I think I’ve come up with a plausible explanation for some (seemingly) anomalous arts marketing data. I think there are two plausible and useful conclusions to draw from this explanation.

Back in March 2009, I posted a summary of an arts market research project I undertook for a friend back in New Zealand. You can find the post here. One of the conclusions I drew from the research sparked some worthy debate. The relevant paragraph is:

“Generally-speaking, most people who attend an event will report that they enjoyed themselves and (this next point may break the hearts of a few artists) people very often assess the quality of a show based on its set design, costumes, lighting, and props. In other words, audiences are easily pleased and are even more easily pleased if they see the performing arts equivalent of bling.”

The very good news is that most people who make it to a show will report they enjoyed themselves; the surprising news, however, is that they will often make sense of this enjoyment with reference to the production values of a show — what I call the show’s bling.

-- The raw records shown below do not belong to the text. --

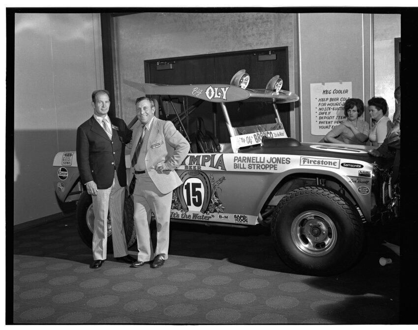 Negative, sheet film. 2 x 3 b&w. 72.131. Olympia brewery sponsored "Big Oly" race car (in races like Baja 500) driven by Parnelli Jones and Bill Stroppe. Jones is man in dark jacket and striped pants. No ID on others. Unknown location.Name/Title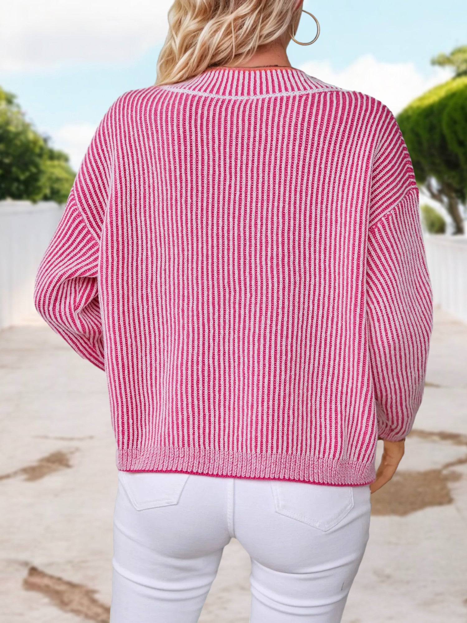 Anna-Kaci Women's V-Neck Striped Knit Sweater with Long Sleeves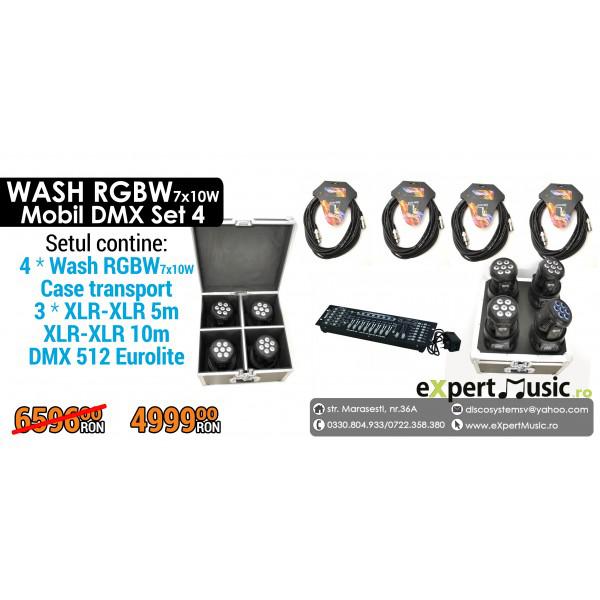 Set 4 WASH RBGW 7x10W Mobil DMX
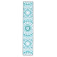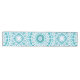 Bring vibrant, calming energy into your home with this eye-catching table runner. The design features an intricate mandala pattern with a mesmerising radial symmetry in shades of turquoise and teal against a white background. The mandala design is made up of delicate floral motifs and flowing lines that radiate outward like petals, creating a sense of depth and motion.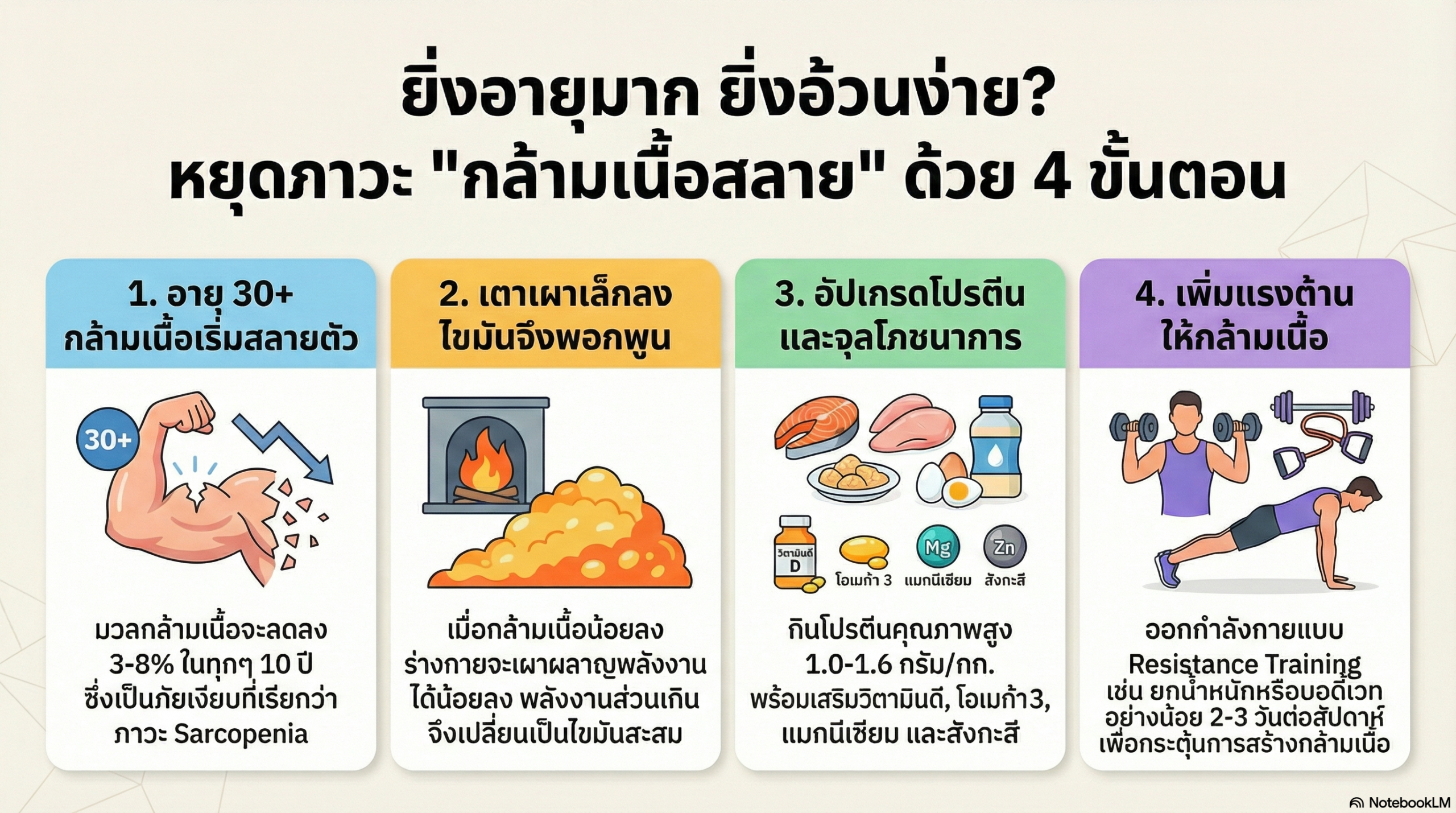 1. ทำความรู้จักภาวะ Sarcopenia (ภัยเงียบที่ขโมยกล้ามเนื้อ)

Why is this second claim surprising? From a theatre perspective, this claim is surprising because the essential elements of fine theatre are a fine script (whether it exists on paper or not) and fine acting. Certainly, bling can add or detract from a production but it is hardly essential. I’m sure something roughly equivalent can be said of all the performing arts.

So why are audiences more likely to talk about the bling when they enjoy a particular performance? My theory: bling is easy to talk about and we all feel confident talking about it.

First off, even for seasoned practitioners, it is sometimes difficult to articulate why a particular instance of theatre has a successful script and fine acting — especially in the sometimes ineffable aftermath of a stunning show. There is no single formula or conceptual framework which will always explain why some particular script or performance is good and, for this reason, there is no easy answer to the question, “why was it so good?”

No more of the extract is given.